- _GIVEN MATERIAL_
□ □ □ □

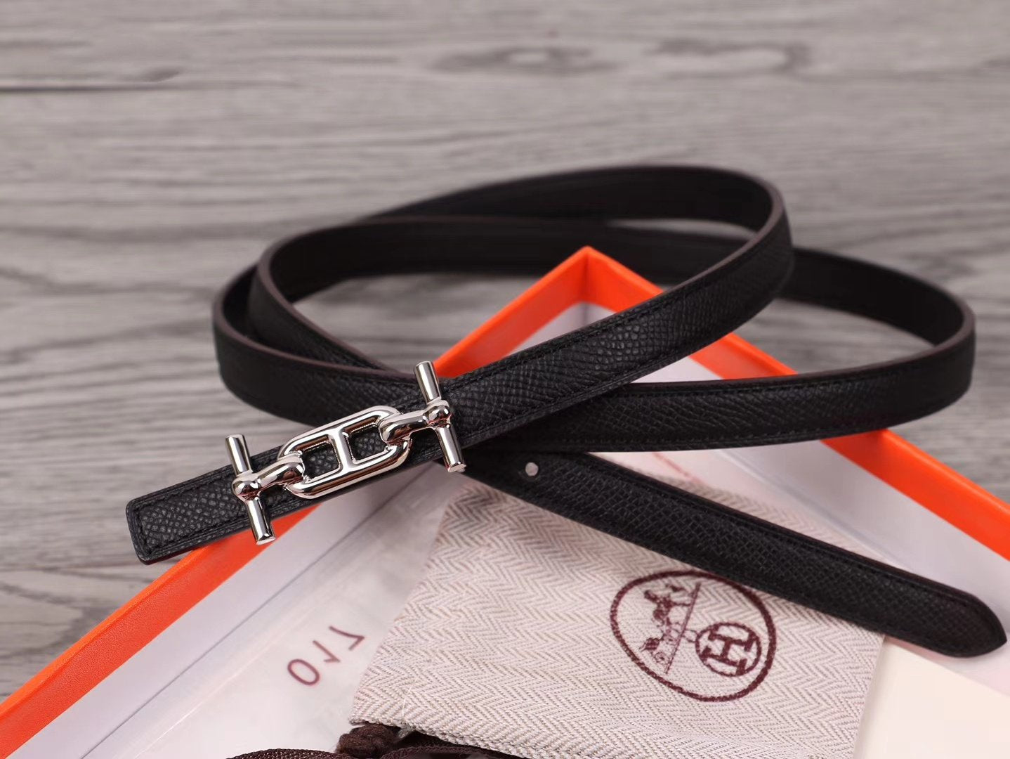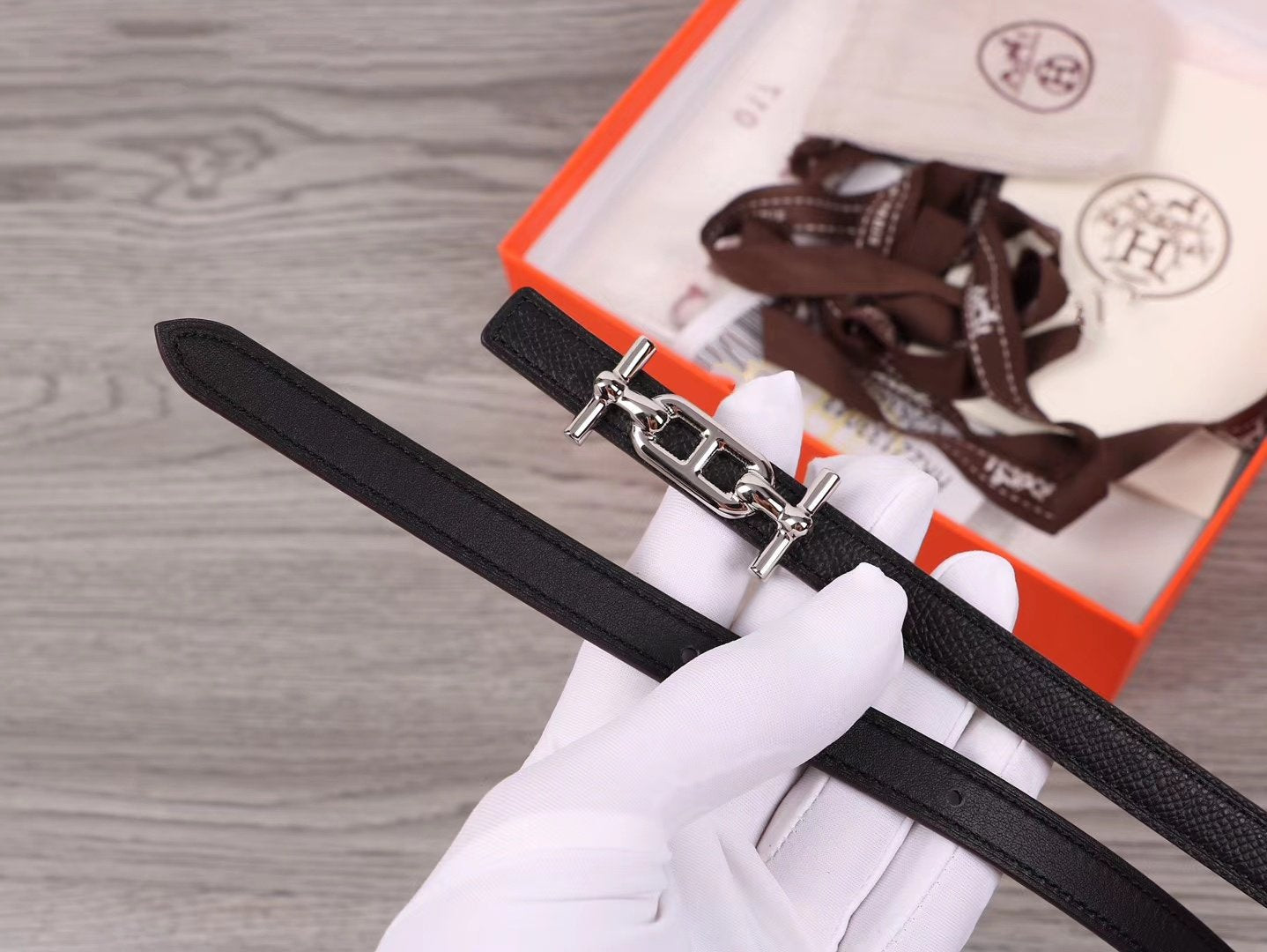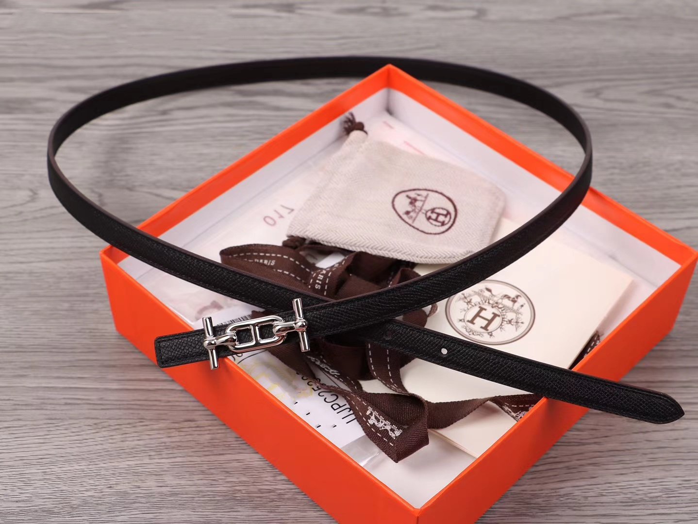 • H Buckle in permabrass plated metal.
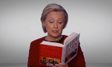 Chipul democratei Hillary Clinton a fost acoperit de carte în primele secunde ale apariţiei sale pe ecran, într-o înregistrare pregătită pentru gală, iar publicul a ovaţionat-o atunci când aceasta şi-a dezvăluit identitatea.
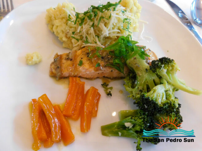 Holy Cross Anglican School priest, Kesner Ajax, delivered the opening prayer, after which the graduates served dinner. The menu included spicy pork wontons, grilled salmon with sabayon pepper sauce accompanied by risotto Milanese, glazed baby carrots, and sautéed broccoli, followed by a spicy pineapple salad. Dessert consisted of crème brûlée. Guests praised the meal’s quality and the students’ performance.
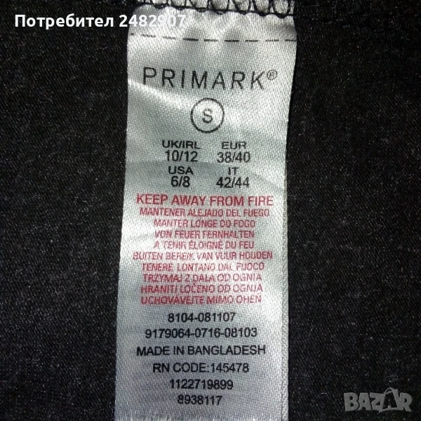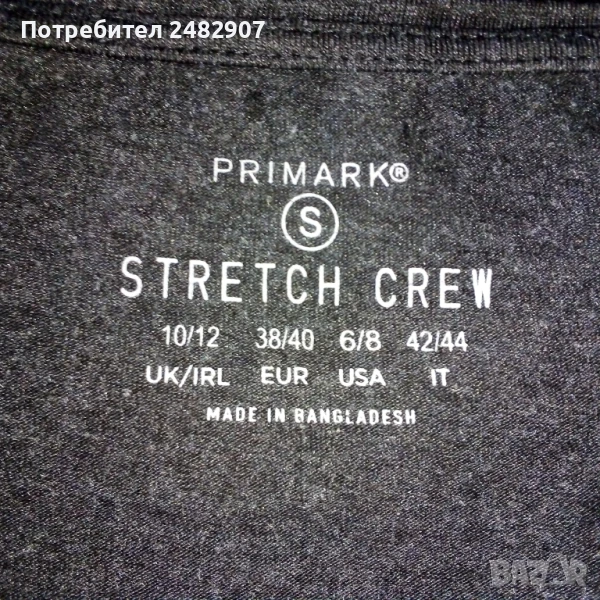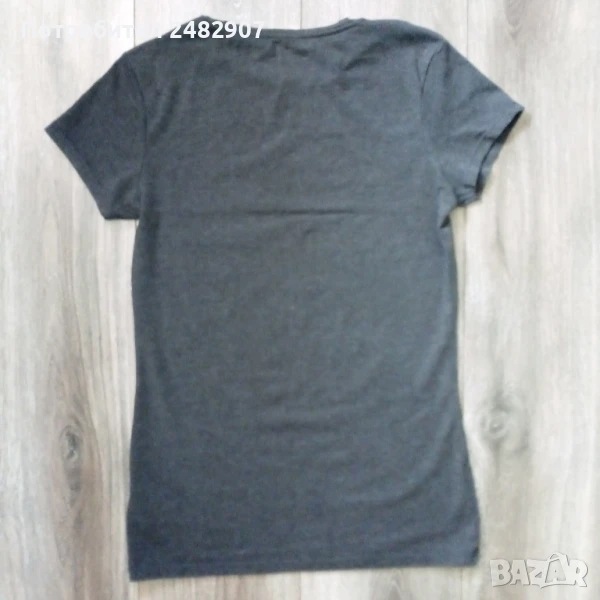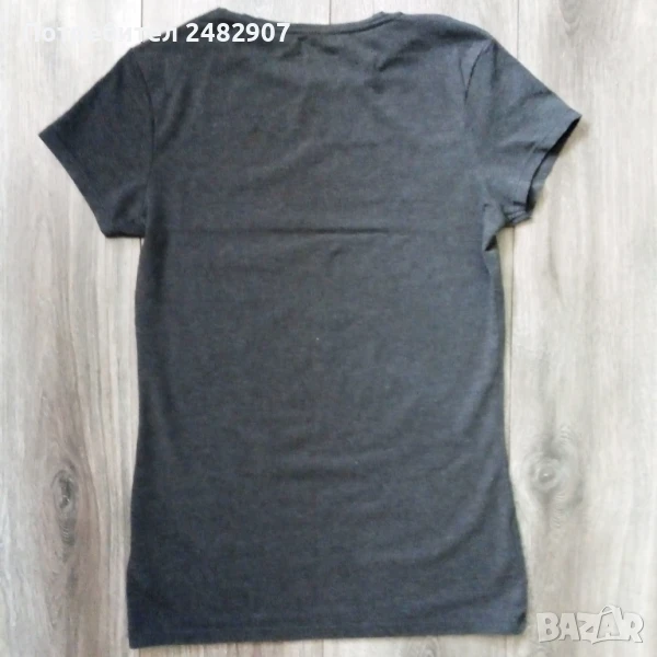 Дамска тениска с къс ръкав, цвят - сив меланж, размер S. Съдържа 60 % памук, 35 % полиестер и 5 % еластан. Ширина с раменете - 36 см, ширина под мишниците - 43 см, ширина в долната част - 43 см, дължина от рамото до долу - 66 см, дължина на ръкава от рамото - 13 см, ширина на ръкава в долната част - 14 см. Много запазена, почти не е използвана.

□ □ □ □

Word for word, restate the lines from the first line of the material through the line containing "Chipul democratei Hillary", with the pictures left out.

- _FINAL ANSWER_
 • H Buckle in permabrass plated metal.
 Chipul democratei Hillary Clinton a fost acoperit de carte în primele secunde ale apariţiei sale pe ecran, într-o înregistrare pregătită pentru gală, iar publicul a ovaţionat-o atunci când aceasta şi-a dezvăluit identitatea.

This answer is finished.